Дерек был молчаливым в последнее время, но вел себя, как обычно, а вот Анне-Лиз, Роберт скоро это заметил, сильно изменилась. Она, казалось, завяла, как яркий полевой цветок, который расцвел слишком рано и последний зимний мороз убил его. Не зная, что произошло между нею и братом, Роберт отнес ее грусть на счет своего невнимания к ней. Надеясь развлечь Анне-Лиз, однажды ясным утром, когда они гуляли по парку, он предложил ей сопровождать его в Лондон, куда отправлялся по делам.

— Может, вы захотите сделать покупки, осмотреть достопримечательности? Мы остановимся у моей тетушки Гертруды, и поэтому даже Дерек не сможет сказать, что это неприлично.

— Ну, конечно, я с удовольствием поеду. Я уже несколько дней думаю о путешествии в Лондон. Когда мы выезжаем?

Удивленный, что она так быстро согласилась, он даже опешил.

— Ну… Я думаю, послезавтра. Вы не хотите спросить Дерека?

— Нет. Зачем?

— Хорошо, тогда, возможно, я сам поговорю с ним.

— Как хотите.

Вспышка ярости Дерека привела Роберта в замешательство.

— Значит, так, — бормотал Дерек, сжимая голову, в то время как отчитывал Роберта. — Она может ехать, но я посылаю записку леди Гертруде Даунинг, где прошу ее помочь найти постоянную квартиру для этой маленькой мятежницы. Ты же, — он остановил злобный взгляд на брате, поселишься в гостинице.

Поездка в Лондон оказалась не такой веселой, как надеялся Роберт. Он рассчитывал, что приятно проведет время наедине с Анне-Лиз, но она сразу взяла дружеский, но сдержанный тон.

— Роберт, — сказала она твердо, — вы теперь барон. И к прошлому не может быть возврата. Я получила урок, к моему сожалению: один поцелуй не создает привязанности на всю жизнь.

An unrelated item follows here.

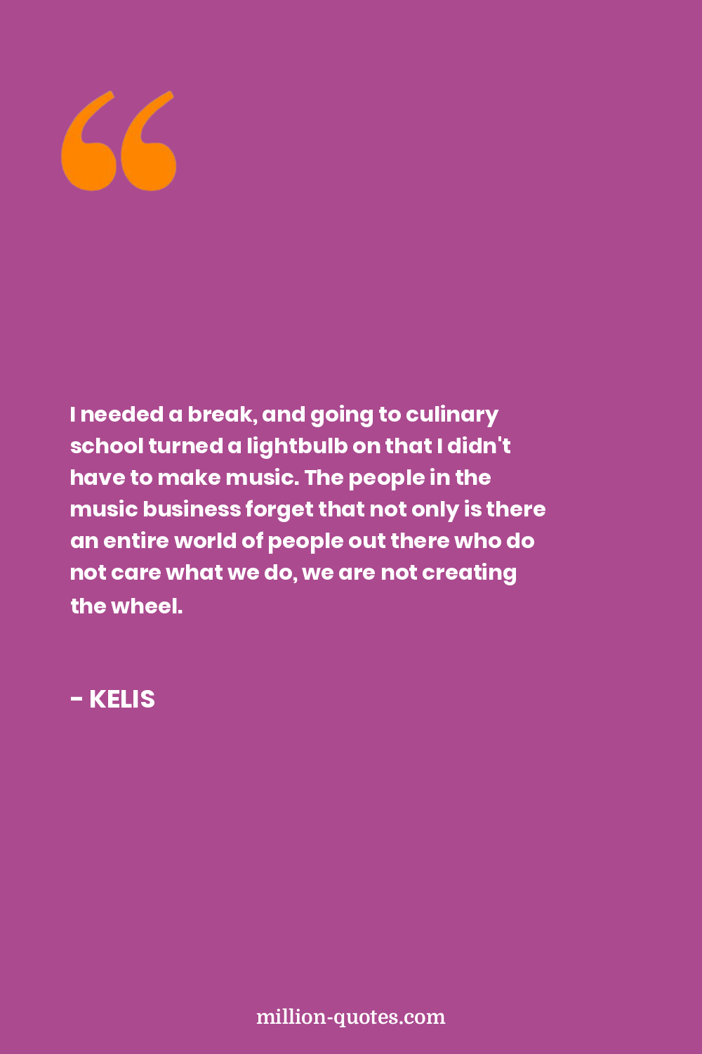 I needed a break, and going to culinary school turned a lightbulb on that I didn't have to make music. The people in the music business forget that not only is there an entire world of people out there who do not care what we do, we are not creating the wheel.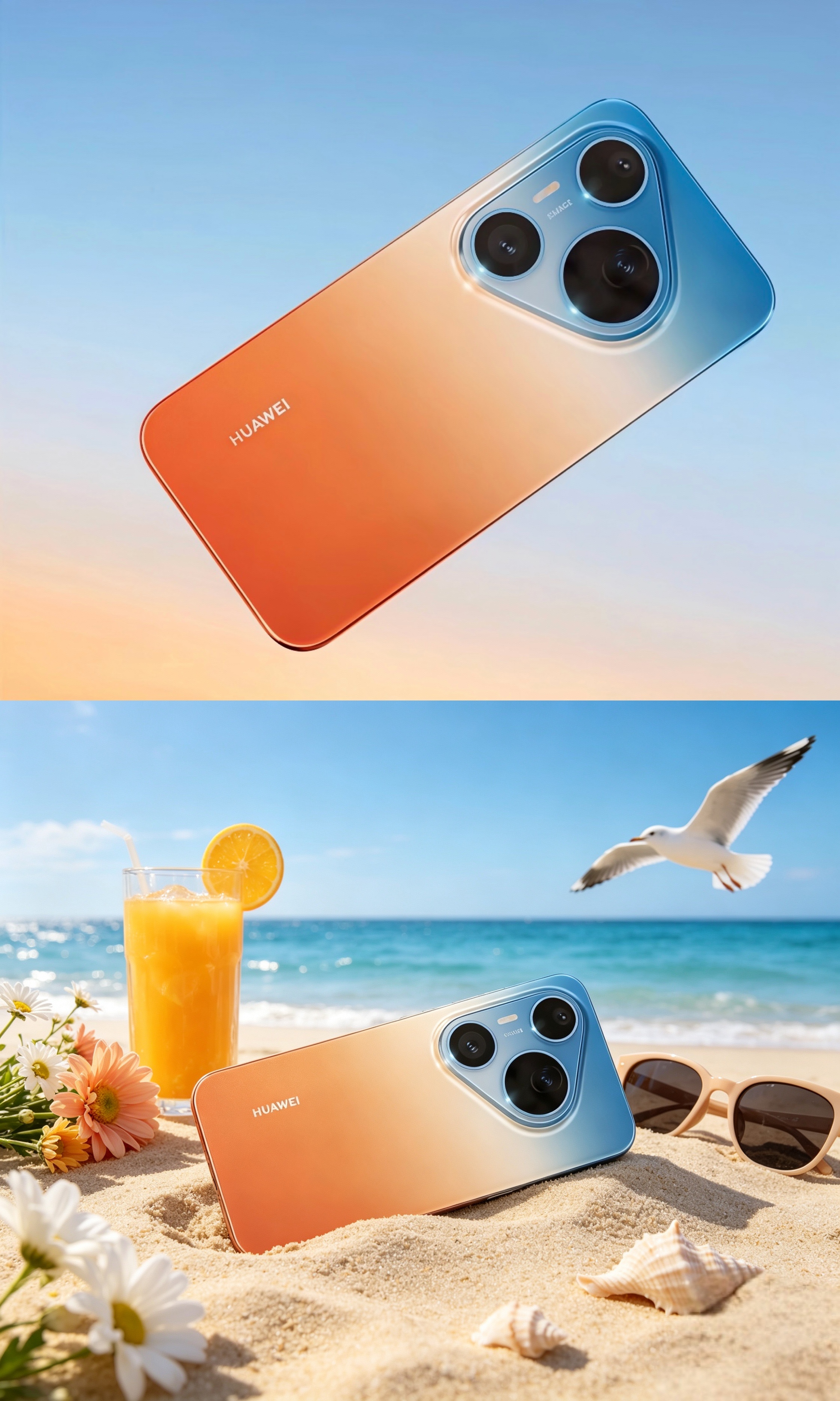 我润色了一下“橘子海 ”是不是有点那个味道了?海滩、晚霞、海浪、贝壳、饮品、鲜花

Роберт решил, что она имеет в виду его поцелуй в лодке. Вспомнив нежное, мягкое прикосновение ее губ под зонтиком в плывущей по реке лодке, он запротестовал:

— Но, Анне-Лиз, хотя я, может быть, и мало обращал на вас внимания в последнее время, отвлеченный делами, я никогда не забывал вас и тот поцелуй.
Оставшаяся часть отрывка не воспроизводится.